La catastrophe au Japon est donc une véritable catastrophe DU CAPITALISME et pas écologique (les centrales ont été construites sur des polders). Catastrophe due à l’incurie de tous les dirigeants et patrons capitalistes, bande d’incapables, politiciens de merde écolos ou anti-écolos, maquereaux des lobbies financiers. Les gouvernements actuels sont dépassés dévoient l'essor technologique et industriel des dernières décennies dans une utilisation irrationnelle (sauf financièrement) et dangereuse des moyens énergétiques dont disposent les hommes pour s’éclairer et se chauffer. Cloisonnés dans la compétition acharnée, autistes aux risques encourus par l’humanité, les hommes et clans industriels du pouvoir planétaire sont incapables de prévoir ou d’anticiper. Ils foncent et veulent nous faire foncer avec eux à l’abîme ! Ces crétins sont bien plus préoccupés par leur fric-frac financiers et électoraux et leur ami Kadhafi qu'au bien commun universel.
Halte aux idéologues des 2 camps – lobby nucléaire et lobby anti-nucléaire - place aux faits : la cause du terrible drame au Japon n’est pas le tsunami ni le nucléaire mais la façon dont la bourgeoisie utilise ce dernier pour sa rentabilité maximum ! Les centrales nucléaires sont encore nécessaires, mais à l’avenir on doit pouvoir inventer d’autres modes d’énergie. Les éoliennes et les centrales thermiques sont des joujoux pour les artisans anarchistes du village écologiste. Nous n’avons pas à entrer dans le débat entre bourgeois sur quelles nouvelles énergies ou de savoir s’il faut supprimer immédiatement le nucléaire. Le débat que nous voulons c’est celui qui va amplifier l’incurie gestionnaire de la bourgeoisie, et pour faire avancer ce débat il faudra abattre cette classe d’incapables profiteurs cyniques !

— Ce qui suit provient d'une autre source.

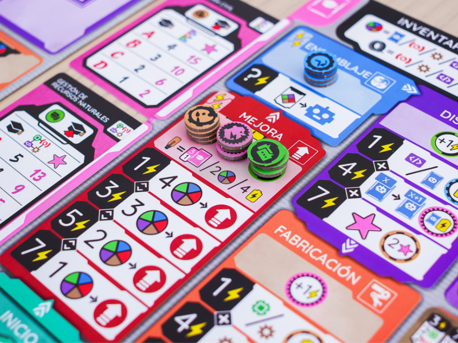 En cada ronda, los jugadores eligen de forma simultánea 2 de las 5 fases para resolverlas con distintas cantidades de Energía, pero tus elecciones pueden afectar a otros jugadores. ¡Cada elección afectará a los demás inventores!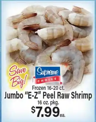This offer is available in various stores, view all products to get the cheapest Frozen 16-20 ct. Jumbo E-Z Peel Raw Shrimp. If you'd like to find out whether this product has a bigger discount in another store, check the category 'Grocery'. You may also find these offers interesting: Frozen 41-50 ct. E-Z Peel Raw Shrimp, 16/20 ct Easy Peel Raw or 31/40 ct Cooked Shrimp & Jumbo Raw Shrimp.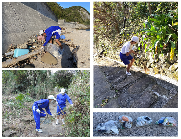中学部生徒がクリーン作戦として、自分達の住む地域の清掃作業に取り組みました。事前に地区ごとに計画を立て、準備を進めてきました。今年は度重なる台風の被害で、どの地区も木々が倒れていたり、漂着物が多かったりして作業は大変でしたが、その分生徒たちの達成感は大きかったようです。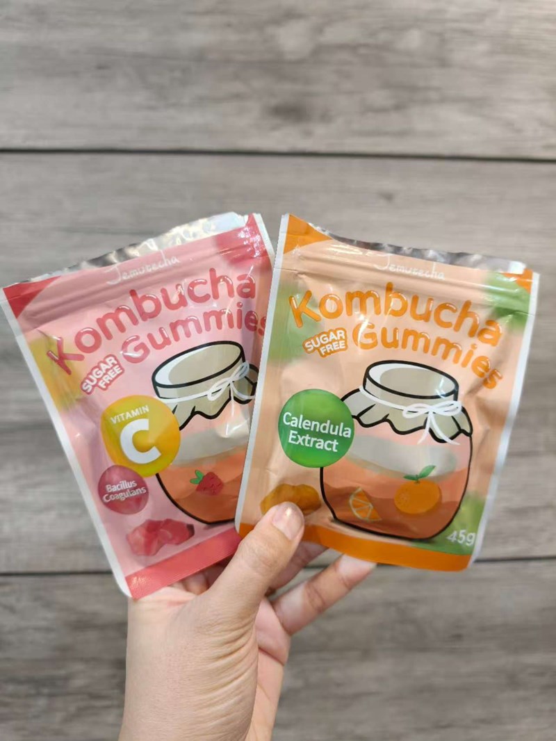 『Jemutecha 康普茶無糖軟糖』推出了兩款口味:「莓果」和「橙子」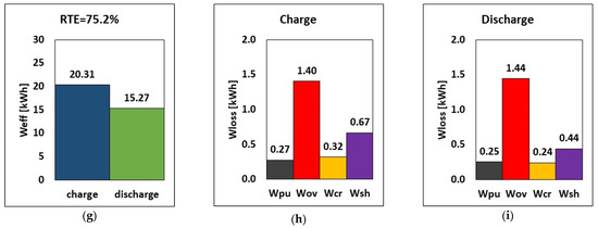 The results of Figure 3 underline that RFBs are energy systems with energy loss; for the sake of clearness, Figure 4 reports the Sankey diagram of energy flow and loss terms of the RFB system reported in Figure 3d considering 100 kWh as the input energy.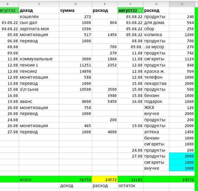 Доброе утро, мои дорогие подписчики и просто читатели канала. Вот и начинается новая рабочая неделя. Как же хорошо, когда есть и работа и здоровье. Правда плохо, что не знаю как добираться до работы. Автобус школьный пока не ходит. Придётся вызывать такси. Как я не люблю ездить на такси! Есть и второй вариант. Можно написать заявление директору и попросить 2 выходных. Но вроде жалко терять дни, но и жалко тратить деньги на такси😃 И пешком я уже не дойду. Ладно, будем думать. Итоги бюджета за 28 августа Дохода вчера не было. Но и расхода вчера тоже не было. Был мой любимый зелёный день. Так что ничего в таблице не изменилось. И опять искала вчера документы, но не нашла. Звонила вчера и мастеру. Но как и думала, у него нет наших инструкций. И что делать не знает. Сказал, что надо ехать в газовый участок и там уже решать этот вопрос. Так и сделаем. Но зато договорились с ним на этой неделе поехать за материалами для отопления. Так что, деньги пока есть свои, надеюсь, что х

Dernier exemple honteux de la mentalité des vautours de cette classe nocive pour l’humanité :

HONG KONG (AFP) - La panique qui a touché la Bourse de Tokyo mardi, alors que la crise nucléaire au Japon ne cesse de s'aggraver quatre jours après un séisme dévastateur, a gagné à leur tour les places européennes, puis Wall Street, toutes en très forte chute.(…) A Tokyo, aucun secteur n'a échappé à la déroute, des géants de l'électronique, comme Panasonic (-11,27%) ou Sony (-8,86%), aux constructeurs automobile, tel Toyota (-7,40%), Nissan (-3,32%) ou Honda. Même les firmes de BTP, qui avaient bondi lundi grâce aux perspectives de grands travaux nécessaires à la reconstruction du nord-est dévasté par un séisme et un tsunami, ont chuté lourdement à leur tour, tout comme l'immobilier ».